Chapter IX: Replay System Indepth
Before we pass over to the discussion of the freshly revealed phenomenon called replay, we suggest revising a few important things. It will really help us later.
First of all, you all know that the performance of an abstract CPU depends a lot on the density of the commands flow fed into its execution units. Ideally the execution units should perform some effective work every single processor clock. So, the primary goal of the pipeline managing logics is to load the processor execution units to their maximum capacity.
In our particular case, in NetBurst micro-architecture, it means the following: the scheduler loading the micro-operations into the execution units should do everything possible to reduce their idling. Remember this conclusion, it will help us later.
This was an introduction. Now let’s approach the topic of our discussion from a bit different side. Let’s imagine a pipeline, where the scheduler is located right in front of the execution units. So, when the scheduler sends a micro-operation for execution, it grabs the corresponding operands and gets processed. Everything is beautiful! If the next micro-operation needs the results of the previous one, it will be able to grab them as soon as they are ready. If the micro-operation needs the results of the previous command as its operands, the scheduler will be able to send it to the execution units after a certain time interval. This time interval is determined by the time the first operation requires for execution (to be more exact, for the result of this execution to be ready for further processing).

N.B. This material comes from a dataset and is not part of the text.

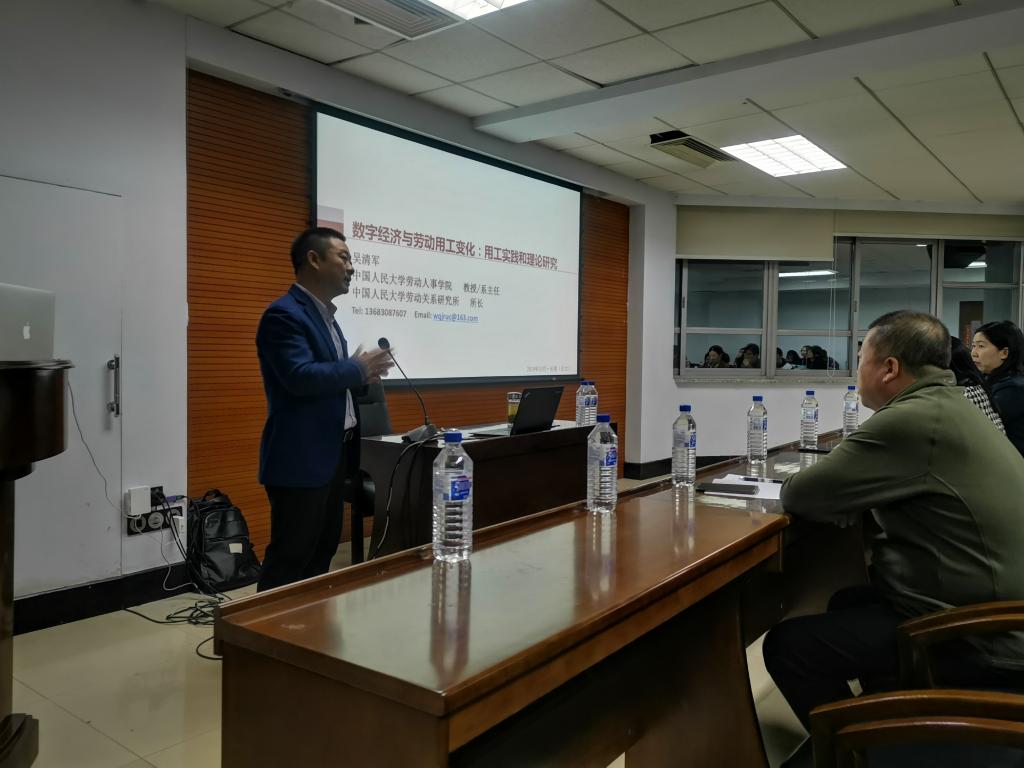 2019年10月10日晚6点,哲学社会学院第60场学术名家讲座在东荣大厦904会议室举行。中国人民大学劳动关系研究所所长、中国劳动经济学会劳动关系分会副会长、中国人力资源开发研究会劳动关系分会学术委员会主任、中国人民大学劳动关系系主任吴清军教授,作了题为“数字经济与劳动用工变化:用工实践和理论研究”的学术报告。

Everything is just fine if the scheduler is right next to the execution unit. But as we remember, that one of the key goals of the NetBurst micro-architecture was to increase the processor working frequencies. As a result the pipeline got longer. So, there appear a few more stages between the scheduler and the execution unit. They are no longer next to one another.
Actually, this is not such a big problem: the micro-operations can be sent for execution in advance, taking into account the additional pipeline stages that appeared on the way. In other words, the scheduler should send out the micro-operation a few clock cycles earlier, to cover the distance between itself and the execution units right in time. It means that the commands should be sent out in advance, before the result of the previous micro-operation is available.
What’s the result of this measure? When the scheduler releases the first micro-operation, it will select the next one from the queue on the second clock cycle already. After the second micro-operation is sent along the pipeline, it will tackle the third one. And so on and so forth: the scheduler will release micro-operation onto the pipeline, the execution units will execute them, which keeps the entire pipeline busy. By the time the first micro-operation is about to be executed, the next micro-operations are already coming close taking different pipeline stages, and the scheduler is busy working on the next micro-operation already.